Per quanto riguarda il centrale di difesa, invece, i nomi caldi sono due: David Luiz (1987, giocatore del Chelsea) e Thiago Silva (classe 1984, del Paris Saint-Germain). 
Personalmente, pur stimando molto l'ex milanista, opterei per David Luiz, più giovane e utilizzabile anche nel ruolo di mediano.
Un errore da non commettere è lasciar partire Carles Puyol. Lo storico capitano blaugrana è un classe 1978, ha forse dato tutto e di più per quella maglia e merita riconoscenza. Nel calcio sono fondamentali i valori tecnici e agonistici, ma non possiamo dimenticare l'importanza dello spirito di gruppo, del carisma, del coraggio. Puyol rappresenta tutto questo. Credo che nello spogliatoio ricopra un ruolo ancor più essenziale di quello che aveva in campo nei suoi anni d'oro. E' giusto tenerlo dentro questo gruppo (come dirigente) perché è ancora un Capitano. 

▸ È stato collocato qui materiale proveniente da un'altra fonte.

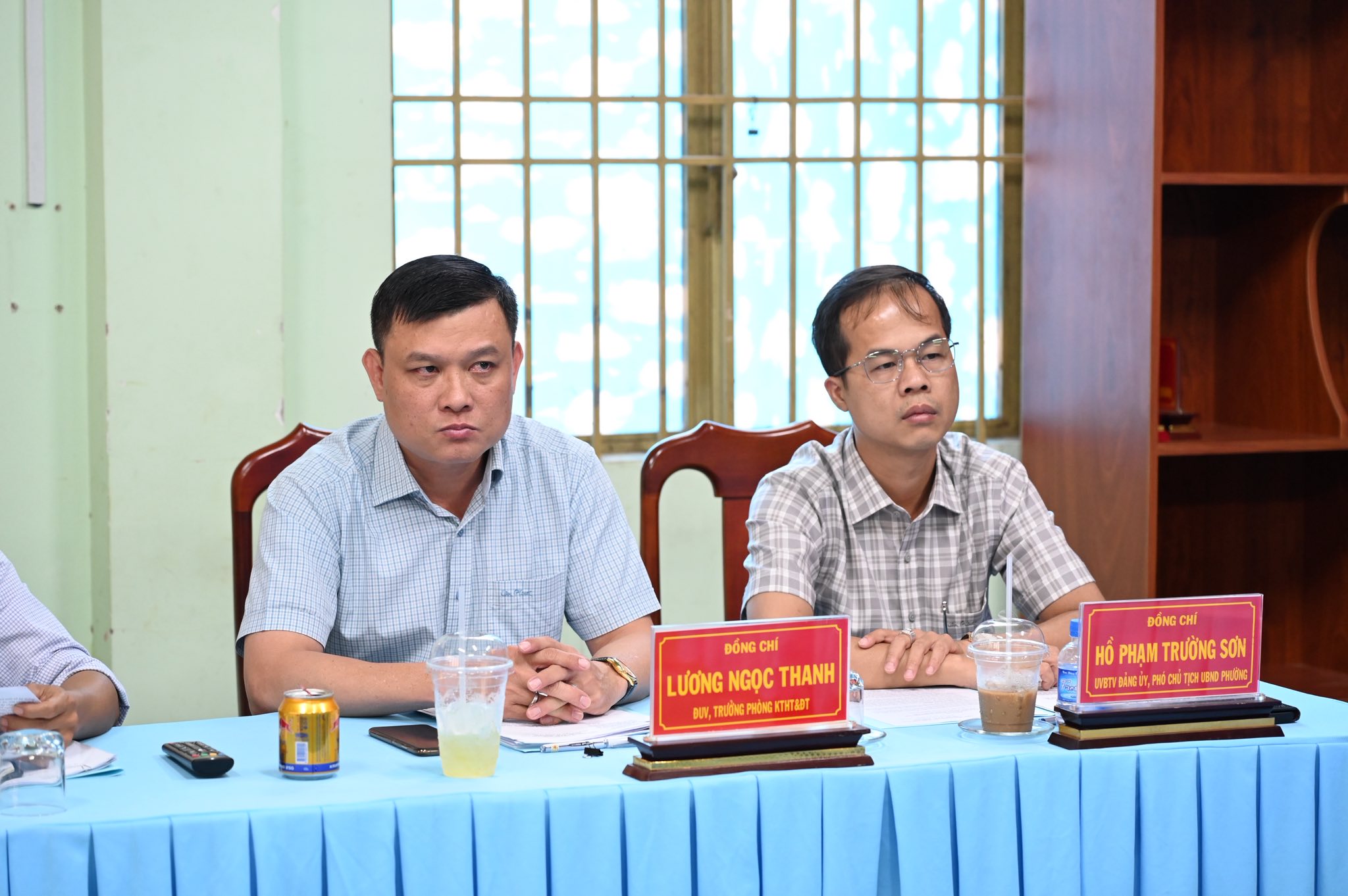 Tiếp và làm việc với Đoàn giám sát có ông Hồ Phạm Trường Sơn - Ủy viên Ban Thường vụ Đảng ủy, Phó Chủ tịch UBND phường; cùng dự có lãnh đạo, chuyên viên Phòng Kinh tế, Hạ tầng và Đô thị, trưởng khu phố trên địa bàn phường.

- Centrocampo, vero punto di forza (o di debolezza) del Barça: rimpiazzare Xavi Hernandez è un'impresa pressoché impossibile. Al momento non ci sono giocatori come lui. Lo stesso Pirlo, altro maestro del centrocampo, non garantisce lo stesso tipo di gioco. L'ideale, come detto in precedenza, sarebbe stato trattenere Thiago Alcántara.
Le alternative, ugualmente suggestive, potrebbero essere quelle di Miralem Pjanic (classe 1990, attualmente nella Roma) o Javi Martínez (classe 1988, alla corte di Guardiola). 
Il bosniaco darebbe qualità e quantità al gioco dei blaugrana, mentre lo spagnolo del Bayern porterebbe molta forza fisica (caratteristica che è un po' mancata a questa squadra). La spesa per Javi Martinez, però, sarebbe davvero ingente, in quanto il giocatore è stato prelevato dall'Athletic Bilbao nel 2012 per 40 milioni di euro, arrivando ad essere il giocatore più pagato nella storia della Bundesliga.
Un nome uscito nelle ultime ore è quello di Paul Pogba. Il francese della Juventus è un classe 1993, forte fisicamente e sublime in quanto a tecnica. Inoltre, trova con facilità la conclusione dalla distanza. L'unico problema potrebbe essere il costo del cartellino: la società bianconera chiede 60/70 milioni di euro. 
Pur ritenendo Pjanic più adatto al gioco spagnolo, andrei dritto sul centrocampista della Juve. A tratti, e non vorrei essere accusato di blasfemia, rivedo nelle movenze di Pogba un po' della classe di Zinedine Zidane. Paragoni a parte, sono sicuro che questo giocatore, crescendo, diventerà uno dei top 5 centrocampisti al mondo.
Per quanto riguarda il mercato in uscita, terrei ad ogni costo Mascherano, vero e proprio jolly di centrocampo e difesa, e cederei Alexandre Song. L'ex Arsenal ha giocato raramente e non sembra in linea con il progetto tecnico della squadra, indipendentemente da quale sarà l'allenatore del futuro.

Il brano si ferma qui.